We have an area of self seeded willow coppice that i could use for this in the future, when we get some livestock of our own.
Photos of a tree hay harvest - not much detailed info
Article on the use of tree hay - photo of an ancient tree harvested for fodder
forum discussion on tree hay
While this info is all interesting, there seems to be very little detailed information on application of these ideas:
How much hay do you need?
How much tree hay equates to a bale of ordinary hay?
Does the hay need special handling or storage - ie a barn for storing until winter
What can be done to make the process efficient - tools, handling methods etc...?
Any info or personal experiences welcome!
I've chopped kudzu and dried it out all the way to kudzu hay. Makes a good supplement to the chicken's feed.
Also, i forgot to mention... nitrogen fixing trees would be really good to use here. I could imagine intercropping a row of n-fixers with other crops. When you shred the stems from the tree some of the roots die back, adding nitrogen to the soil.
because there's a fair amount of inedible wood left in the mix and it wasn't ever compressed like a bail of hay would be, it took up a lot more space than a comparable amount of grass or alfalfa hay. the goats were pretty darn fond of it, though.
in the future, I would like to shred the black locusts twice each year. once earlier in the summer after the trees are completely leafed out, then once more toward the end of summer while it's still warm and dry enough to dry the leaves. black locust is a vigorous enough tree that it ought to handle the abuse just fine, and I'm sure the sea berries nearby would appreciate getting more sun.
Julia Winter wrote:I did this on a very small scale for our pet bunny. She LOVES apple branches, so when I pruned the trees of water sprouts in summer, I stashed them in a dry spot. The leaves dried but were still somewhat green, and she ate them happily, then gnawed at the yummy apple bark.

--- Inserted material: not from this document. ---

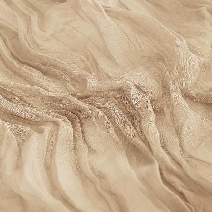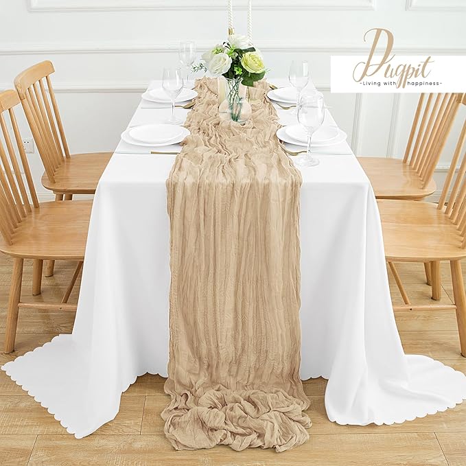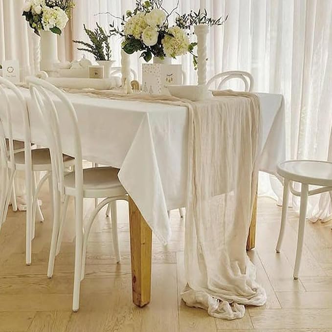 - Package Included:You will get 12 pack of beige table runners, perfect for wedding banquets and various parties, enough to meet your daily use and replacement needs. Each cheese cloth table runner measures approximately 35 x 120 inches/90 x 300 cm, long enough to be used individually on rectangular and round tables, or pieced together for long tables. No matter how it is used, this gauze table runner can be placed perfectly and elegantly on the table or hung on the floor, adding a romantic atmosphere to your occasion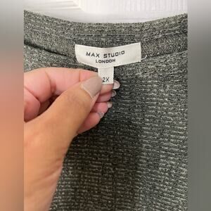 Max Studio Army Green Ribbed 3/4 sleeve Boxy Tunic Lagenlook Top size 2X

Julia - good idea simply collecting prunings that are made day to day around the place. Not much additional work, provided that you have things set up well. Some kind of rack with a roof, probably adjacent to where you were going to be doing reasonable amount of regular pruning would do the trick. My guess is you wouldn't replace much quantity of hay that way, but you would be providing a more varied diet.
My goats eat dried alder leaves all the time. Why not just rake up some leaves?
if you have abundant feed at those times of years i cant see why it couldn't be cut and bailed, after a few years it does grow a decent trunk but a vertical knife assembly should do fine..
But seems to tick all the boxes you have suggested , not knowing your location makes it a little difficult , although this plant grows practically anywhere
Also the Bottle tree family (Brachychiton) is used in a similar manner , though i feel would be too labor intensive and couldn't be stored easily but are green year round here ..
I suppose you could use dried leaves in the winter, but hay bales would work better I think.